╭─ Provided data

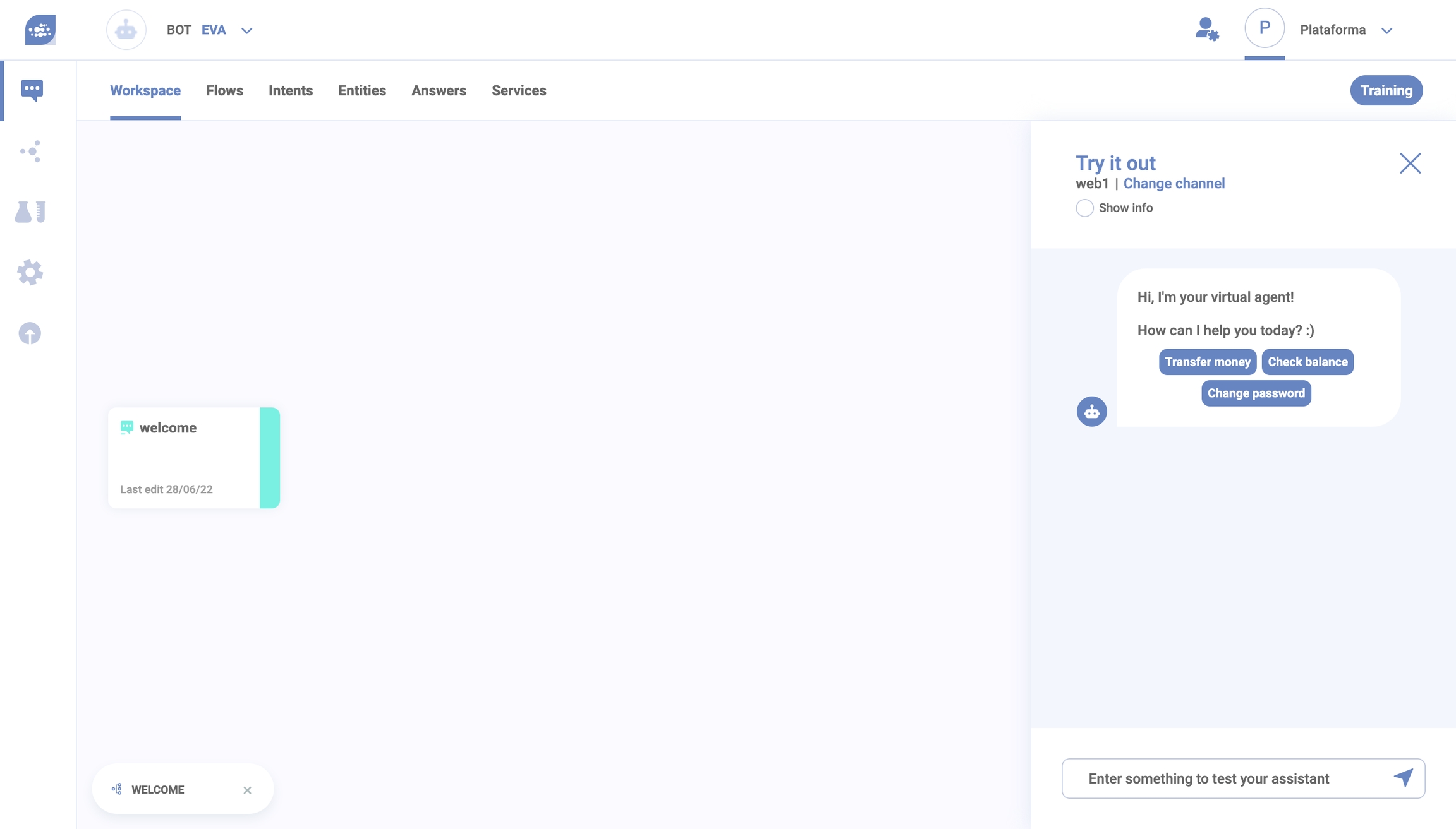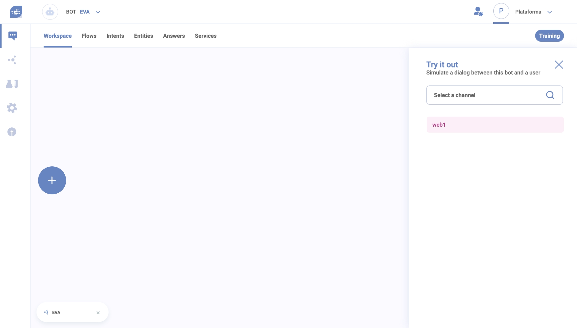 After you train your intents in Syntphony NLP (or use the ones from other NLPs), you can see how your dialogues will work in a simulated chat. The dialog simulator allows you to test your virtual agent by checking if its intents, entities, services and other cells are behaving properly. To access the simulator, click the balloon button in the bottom right corner.
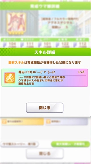 4、相比较之下,第二种方法因子继承要明显比第一个方法稳定实用,且综合收益更高。我们首先需要通过万圣节支援卡或者用川上公主来培育马娘并让她学习永不停歇的少女技能。这样在培育结束后,该马娘就有机会得到该技能的白色因子,接下来我们选择她作为种马就能够将技能继承给下一位我们需要的马娘角色了。
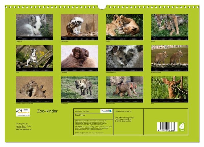 QUALITÄT - Hochwertiger Fotokalender mit 12 wunderschönen Motiven auf lichtbeständigem Bilderdruckpapier, robuste Spiralbindung mit Aufhängebügel.NACHHALTIG - deutliche Abfallreduzierung durch bedarfsgerechte Einzelstückfertigung, umweltfreundliches FSC-zertifiziertes Papier, Produktion in Deutschland, klimabewusste Logistik.PERFEKTES GESCHENK - Kalender für Freunde und Familie, für Kinder und Erwachsene, jung und alt, zu Weihnachten, Geburtstag oder zwischendurch.VIELFALT - Bildkalender in verschiedenen Formaten, z.B. DIN A5, DIN A4, DIN A3 sowie DIN A2. Ob Naturmotiv, Gemälde oder Fotos, ideal für ein persönliches Wohlfühlambiente.Putzige Tierbabys im Zoo von Autor(in): Antje Lindert-Rottke

╰─

In the answer, all of the material should appear exactly as given, with no picture carried over.

Problem solution:
 After you train your intents in Syntphony NLP (or use the ones from other NLPs), you can see how your dialogues will work in a simulated chat. The dialog simulator allows you to test your virtual agent by checking if its intents, entities, services and other cells are behaving properly. To access the simulator, click the balloon button in the bottom right corner.
 4、相比较之下,第二种方法因子继承要明显比第一个方法稳定实用,且综合收益更高。我们首先需要通过万圣节支援卡或者用川上公主来培育马娘并让她学习永不停歇的少女技能。这样在培育结束后,该马娘就有机会得到该技能的白色因子,接下来我们选择她作为种马就能够将技能继承给下一位我们需要的马娘角色了。
 QUALITÄT - Hochwertiger Fotokalender mit 12 wunderschönen Motiven auf lichtbeständigem Bilderdruckpapier, robuste Spiralbindung mit Aufhängebügel.NACHHALTIG - deutliche Abfallreduzierung durch bedarfsgerechte Einzelstückfertigung, umweltfreundliches FSC-zertifiziertes Papier, Produktion in Deutschland, klimabewusste Logistik.PERFEKTES GESCHENK - Kalender für Freunde und Familie, für Kinder und Erwachsene, jung und alt, zu Weihnachten, Geburtstag oder zwischendurch.VIELFALT - Bildkalender in verschiedenen Formaten, z.B. DIN A5, DIN A4, DIN A3 sowie DIN A2. Ob Naturmotiv, Gemälde oder Fotos, ideal für ein persönliches Wohlfühlambiente.Putzige Tierbabys im Zoo von Autor(in): Antje Lindert-Rottke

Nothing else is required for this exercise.